2. It supports editing of an urban country or state.
3. The city is compared with the state, and a similar state is compared with the Country. That way, you just keep the city in addrss. You do not need to save state and country in each address, thereby reducing redundancy.
4. You can create a list of states when the user selects a country.

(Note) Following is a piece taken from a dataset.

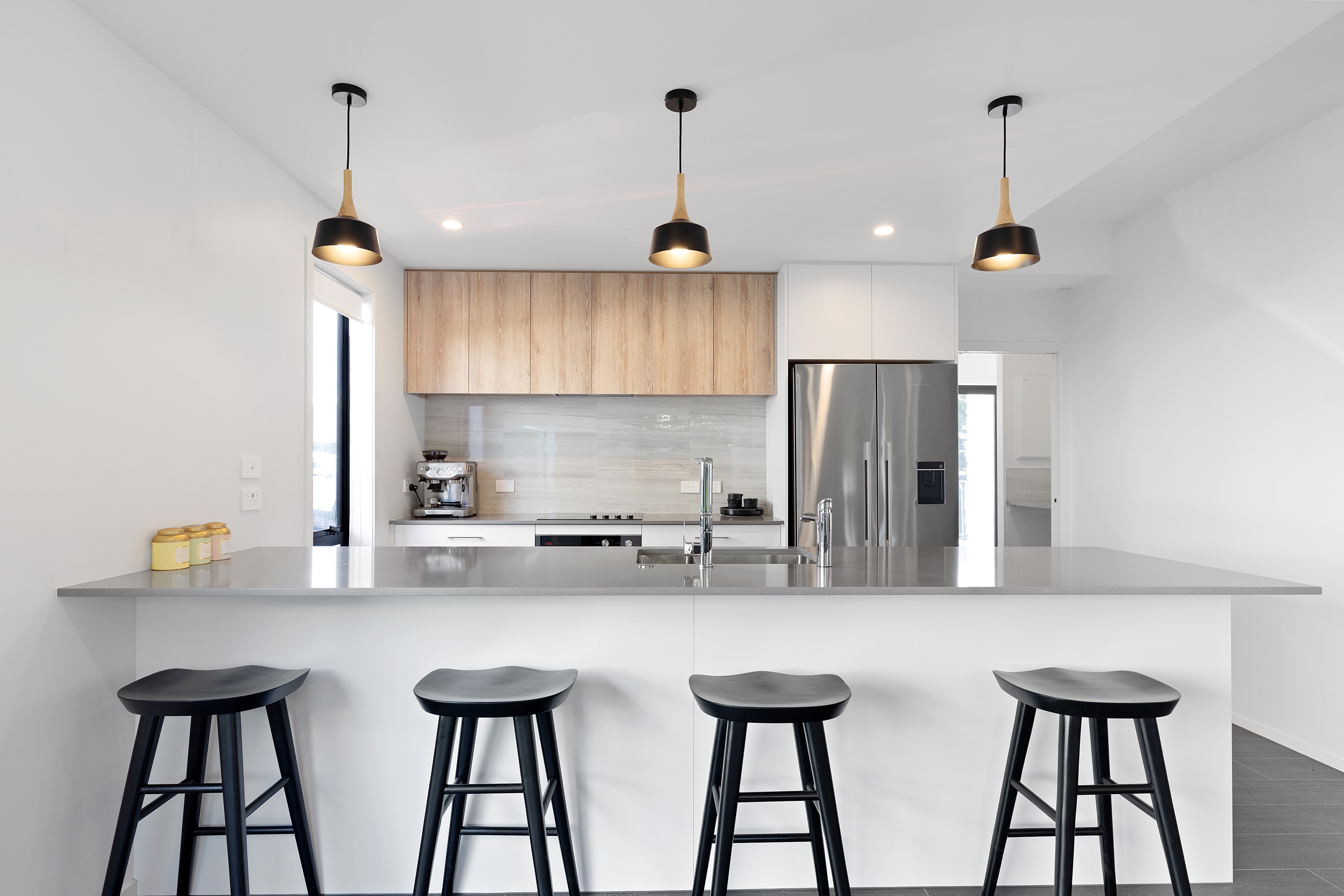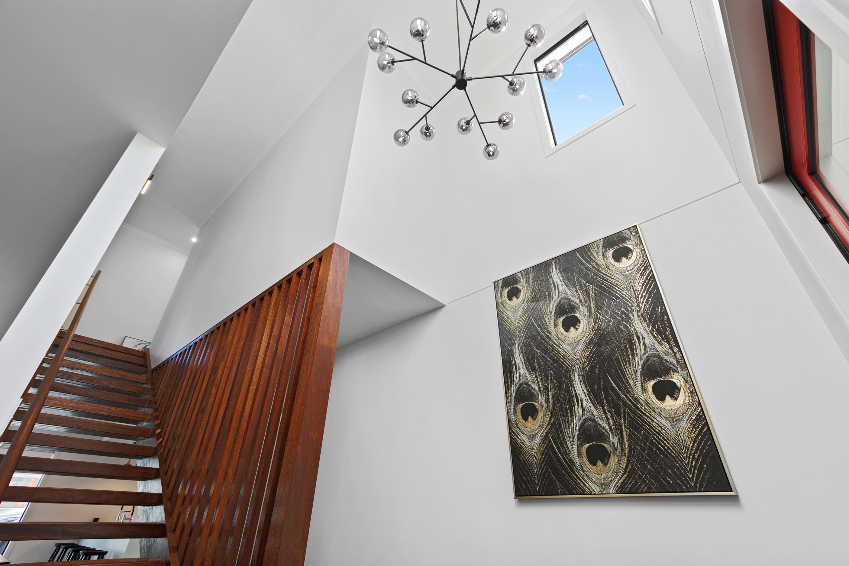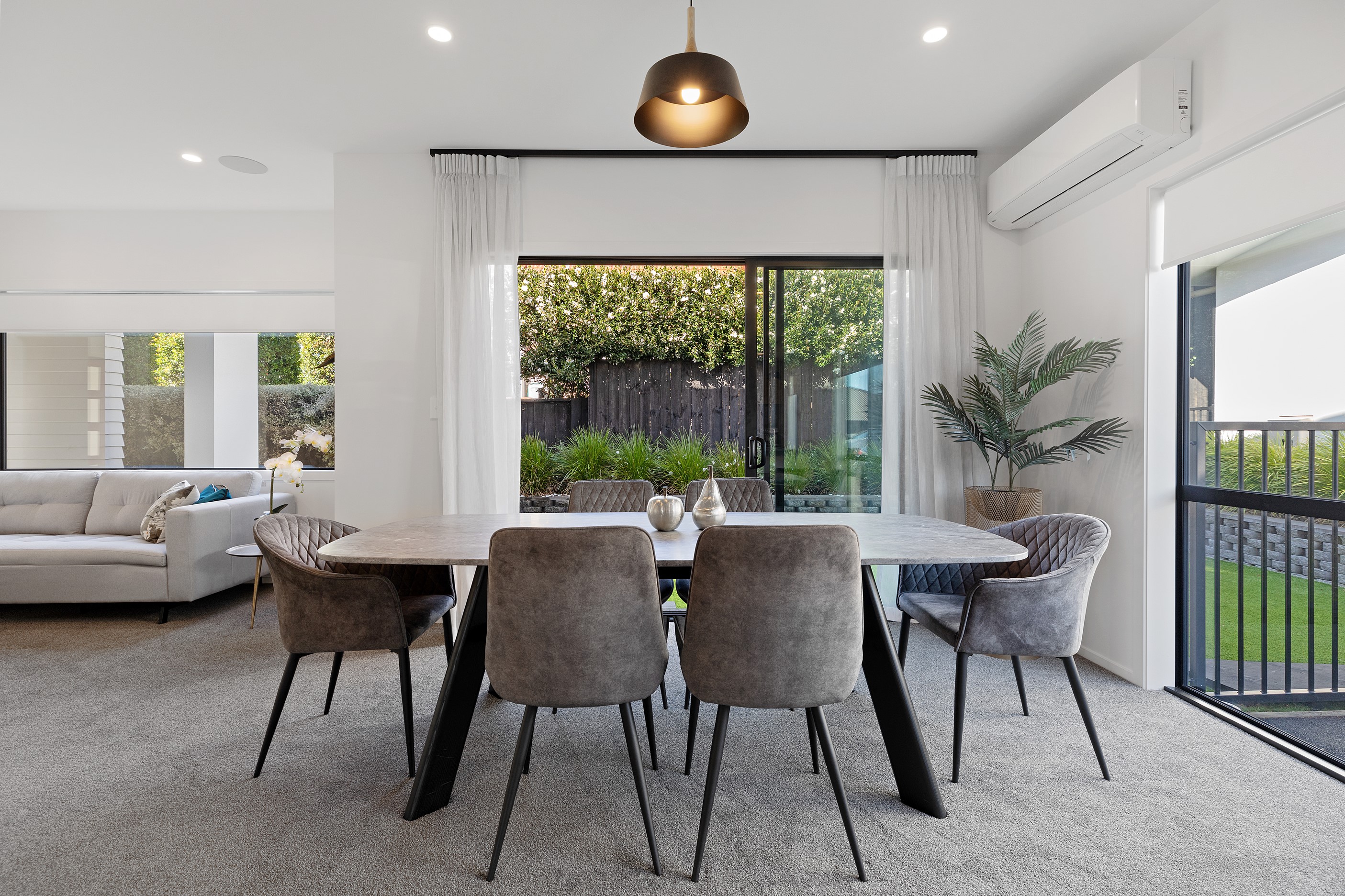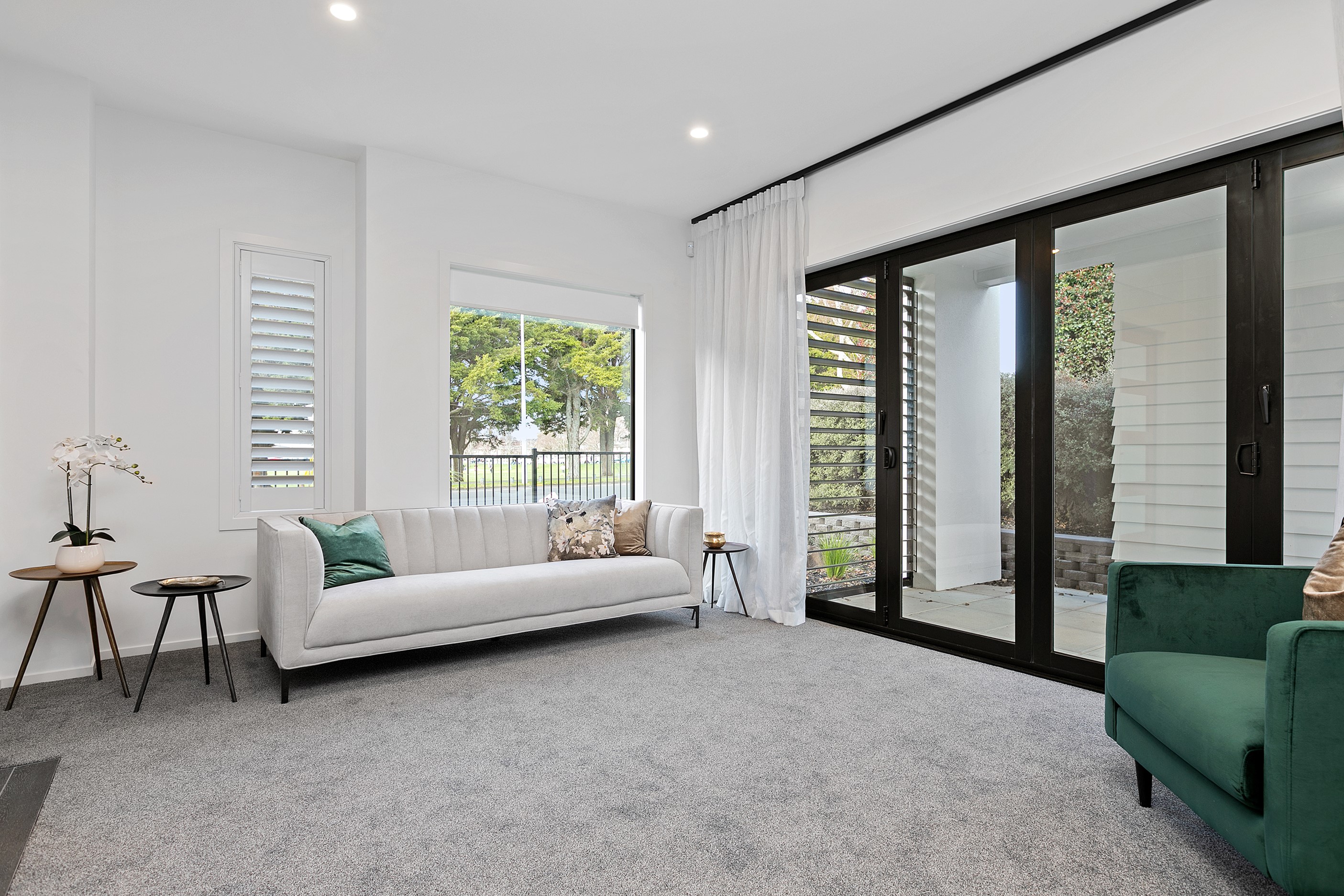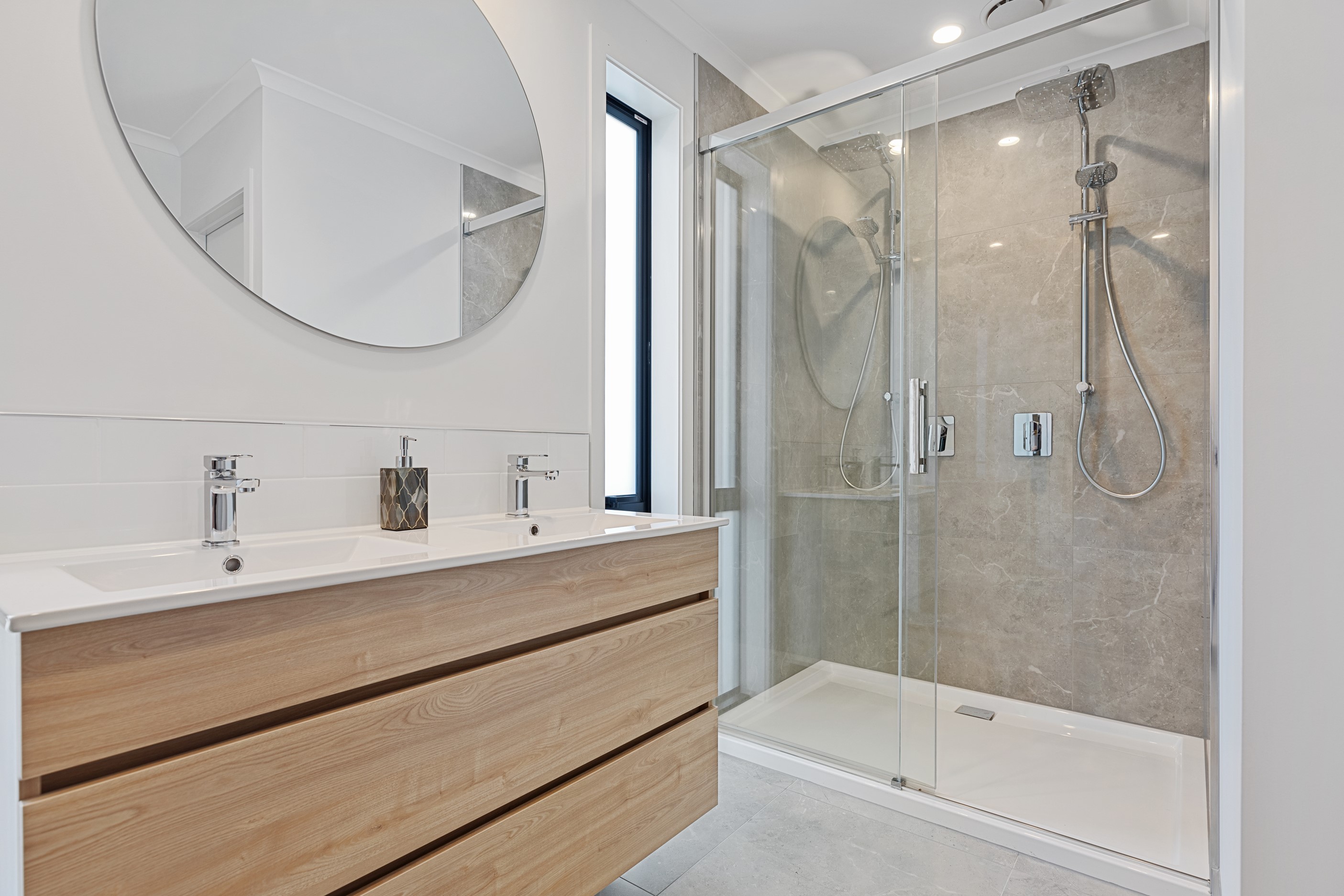 A house with presence was required as Jennian’s shopfront and show home. Located on busy Fifteenth Ave, it needed to appeal to past, current and prospective clients, as well as provide office space and parking for the franchise. Rising up from the land is this bold 218sqm home clad in Linea weatherboard and topped with tiles. Immediately striking from the street are the varied rooflines and postbox-red front door. Inside, home buyers can inspect Jennian’s standard fittings, as well as upgrade options. To illustrate the point: the main bathroom is straight from the plans, while the ensuite has been given special treatment. Whether standard or upgraded, design features abound– the timber staircase has a floor-to-ceiling timber screen, a covered patio is accessed through stacking doors and a feature pendant light illuminates the stairwell. Downstairs is all about relaxed living in the L-shaped open-plan dining, lounge and kitchen zone. The latter has a scullery, which connects directly to the double garage – ideal for unpacking groceries. You’ll find four roomy bedrooms upstairs, plus a family bathroom, main bedroom ensuite and toilets. There’s presence aplenty here, and also serious panache.

Similarely you can create a list of cities when the user selects a state.

 Address id INT PK AUTO_INCREMENT street VARCHAR city_fk INT FK Zip_code VARCHAR City id INT PK AUTO_INCREMENT name VARCHAR state_fk INT FK State id INT PK AUTO_INCREMENT name VARCHAR country_fk INT Fk Country id INT PK AUTO_INCREMENT name VARCHAR user id INT PK AUTO_INCREMENT # other details user_address_mapping # So that user can have multiple address id INT PK AUTO_INCREMENT user_fk INT FK # Link to user address_fk INT FK # Foreign key to address 

EDIT: (Thanks @Denis comment)
Or, if your rivalry has no states (or you want a general solution), here is the structure.

 Address id INT PK AUTO_INCREMENT street VARCHAR city_fk INT FK state_fk INT FK country_fk INT FK Zip_code VARCHAR City id INT PK AUTO_INCREMENT name VARCHAR State id INT PK AUTO_INCREMENT name VARCHAR Country id INT PK AUTO_INCREMENT name VARCHAR user id INT PK AUTO_INCREMENT # other details user_address_mapping # So that user can have multiple address id INT PK AUTO_INCREMENT user_fk INT FK # Link to user address_fk INT FK # Foreign key to address # Here user_fk & address_fk should be composite unique key, so that users can not share an address.